Présentation : Il y a un débat très actuel entre « une mort donnée et médicalisée » et « un laisser mourir médicalement accompagné », illustré par les différences entre la loi belge et la loi française. « Le médecin n’a pas le droit de provoquer délibérément la mort », dit le code de la santé français. La question qui se pose est de faire ou laisser mourir.

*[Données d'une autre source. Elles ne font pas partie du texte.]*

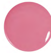
565 I Only Have Pies For You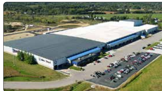
Pictured, the Alro Steel facility in Potterville, Michigan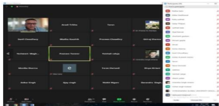
1. Welcome Speech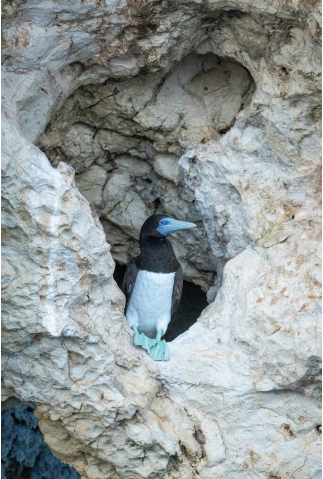
Brown Booby

Le droit dit ce qui doit être et l’éthique dit ce qui peut être (définition du Conseil d’état). Actuellement, la loi demande de soigner jusqu’à la limite de l’obstination déraisonnable mais

ne donne pas le droit de donner délibérément la mort. Tout en l’accompagnant ! La loi française a fait le choix de St Martin.

Bibliographie

Poésies

  • « La mort et le mourant », La Fontaine
  • « La mort et le bûcheron », La Fontaine

Chansons

  • « Le temps qui reste », Serge Reggiani
  • « Supplique pour être enterré à la plage de Sète », Georges Brassens

 

Livres

  • « Euthanasie l’envers du décor ». Il dénonce l’euthanasie en Belgique.
  • « Sommes-nous libres de vouloir mourir ? », Éric Fourneret. Il porte sur les questions posées par l’euthanasie et le suicide assisté.
  • « La vieillesse », Simone de Beauvoir. « Avant qu’elle ne fonde sur nous, la vieillesse est une chose qui ne concerne que les autres. Ainsi peut-on comprendre que la société réussisse à nous détourner de voir dans les vieilles gens nos semblables ».
  • « L’ultime liberté », Axel Khan. « N’est-il pas choquant de faire d’un cas douloureux le fondement d’un « principe » souverain, contraire à la valeur fondamentale qui est celle du respect de la vie ? »

Films

  • « La ballade de Narayama ». Une vieille femme des montagnes du Shinshu, atteint l’âge de 70 ans. Comme le veut la coutume, elle doit se rendre sur le sommet du mont Narayama pour être emportée par la mort.
  • « Les invasions barbares ». Rémy, la cinquantaine, est à l’hôpital. Son ex-femme Louise rappelle leur fils Sébastien, installé à Londres. Ce dernier revient à Montréal pour aider sa mère et soutenir son père.
  • « Mar Adentro ». A la suite d’un accident dont il a été victime, Ramón ne peut plus bouger que la tête et vit depuis 30 ans prostré dans un lit. Il n’a plus qu’un seul désir : pouvoir décider de sa propre mort. Il embauche une avocate.
  • « Le bruit des glaçons ». Un homme qui reçoit la visite de son cancer.
  • « Quelques heures de printemps ». Alain est obligé de retourner habiter chez sa mère. Cohabitation forcée qui fait ressurgir toute la violence de leur relation passée. Il découvre alors que sa mère est condamnée par la maladie.
  • « Amour ». Georges et Anne sont octogénaires. Un jour, Anne est victime d’une petite attaque cérébrale. 
  • « La dernière leçon ». Madeleine, 92 ans, décide de fixer la date et les conditions de sa disparition.
  • « C’est la vie ». Dimitri, 49 ans, est un homme très malade. Il rejoint « La Maison », un lieu où sont accueillies des personnes pour qui la médecine ne peut plus rien.